Herri Batasuna (; ; HB) was a far-left Basque nationalist coalition in Spain. It was founded in 1978 and defined itself as abertzale, left-wing, socialist, and supported the independence of the Greater Basque Country. It was refounded as Batasuna in 2001 and subsequently outlawed by the Spanish Supreme Court for being considered the political wing of the separatist group Euskadi Ta Askatasuna (ETA).

History
The party was founded in April 1978 as Herri Batasuna, a coalition of leftist nationalist political groups initially brought together to advocate for "No" in the referendum to be held that year on the Spanish constitution.
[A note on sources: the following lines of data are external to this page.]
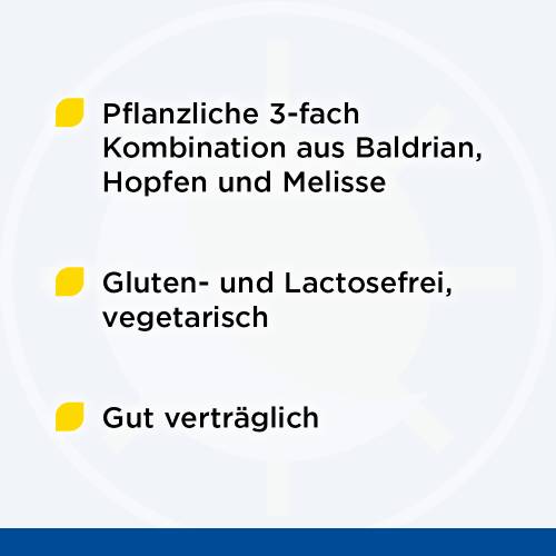Die Inhaltsstoffe entstammen verschiedenen Pflanzen und wirken als natürliches Gemisch. Baldrian und Hopfen wirken angstlösend, beruhigend und schlaffördernd. Die ätherischen Öle der Melisse lindern Nervosität und Spannungszustände.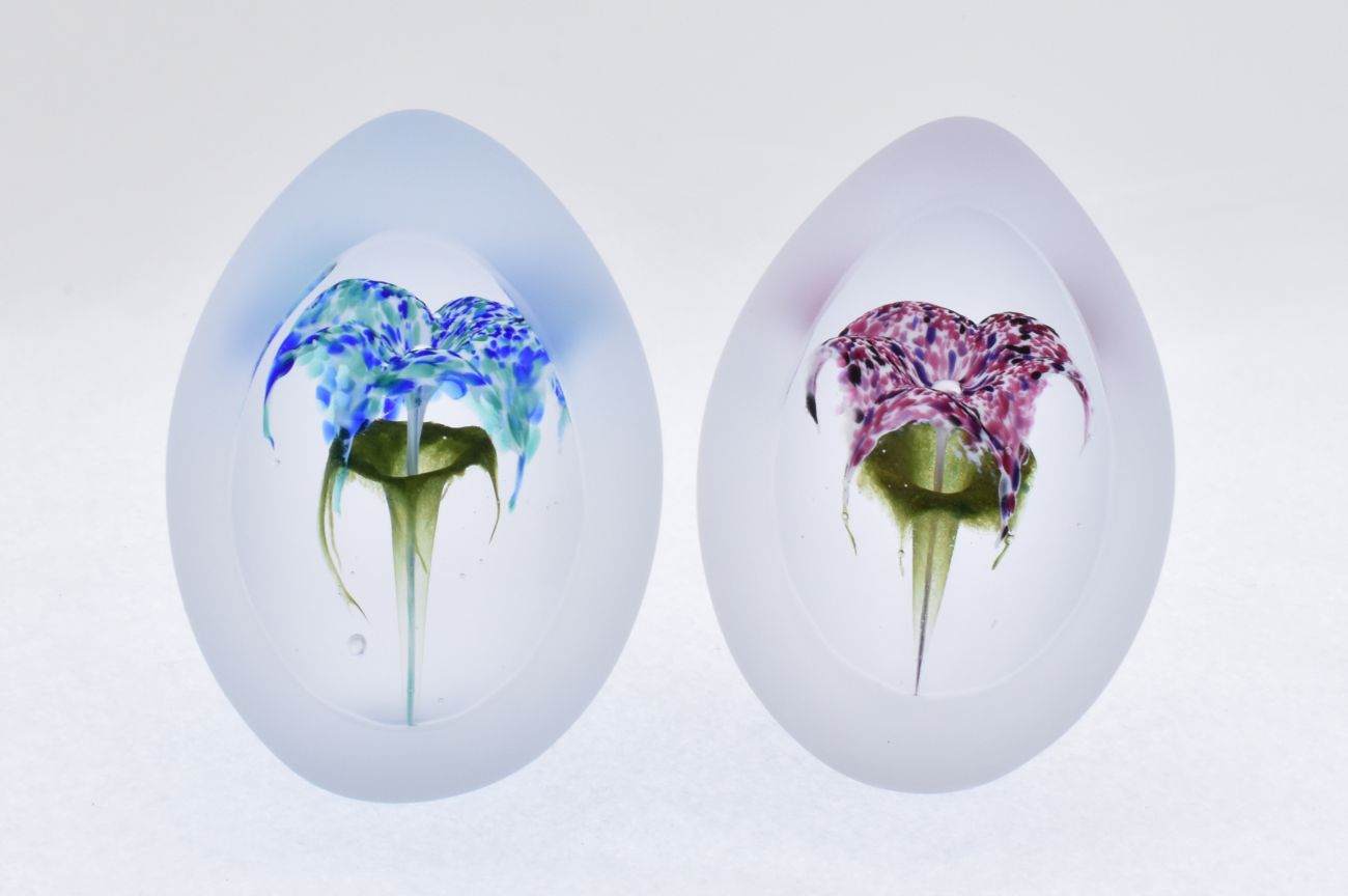 These beautiful flower paperweights have a frosted surface with a clear oval window, in which the flower sits.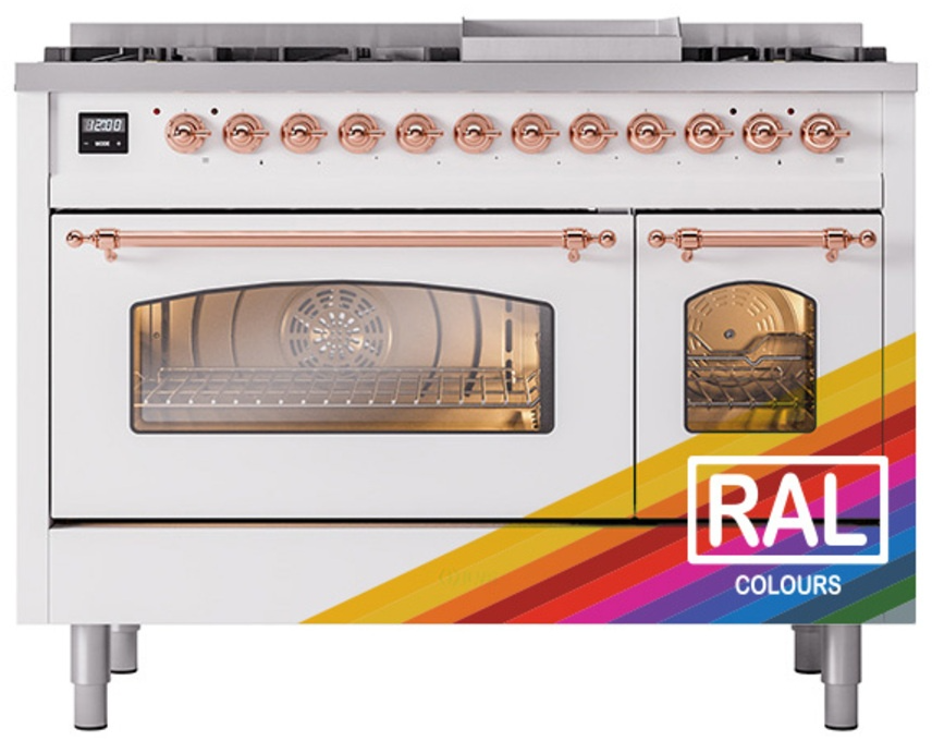 Introducing the new Nostalgie II 48" dual fuel range, a classic addition with a touch of innovation to any kitchen. This range feature sealed burners equipped with total black brass flame spreader that has a non-stick nanotechnological coating, heavy cast iron grates, 3.5 + 1.52 cu. ft. total double oven capacity and soft closing door system.Read More

Its constituent parties had been called together by senior Basque nationalist Telesforo de Monzón in a 1978 meeting called "The table of Alsasua". Herri Batasuna's founding convention was held in Lekeitio, home of Santiago Brouard, who was then the leader of HASI (Herriko Alderdi Sozialista Iraultzailea or Revolutionary Socialist People's Party). The party won 150,000 votes in the Basque Country (15%) and 22,000 additional votes in Navarre (9%) in its first Spanish general election in March 1979. Thus, they won three seats in the Spanish Parliament, which they did not occupy. The same happened in 1980 in the first elections to the Basque Parliament, in which HB stood as a second political force, with 151,636 votes (16.55%), winning 11 seats. Its absence allowed a BNP-only Basque government led by Carlos Garaikoetxea. On 20 November 1984, Brouard was assassinated by two members of the GAL. The killing is perhaps the only one performed by the GAL death squad within Spain itself.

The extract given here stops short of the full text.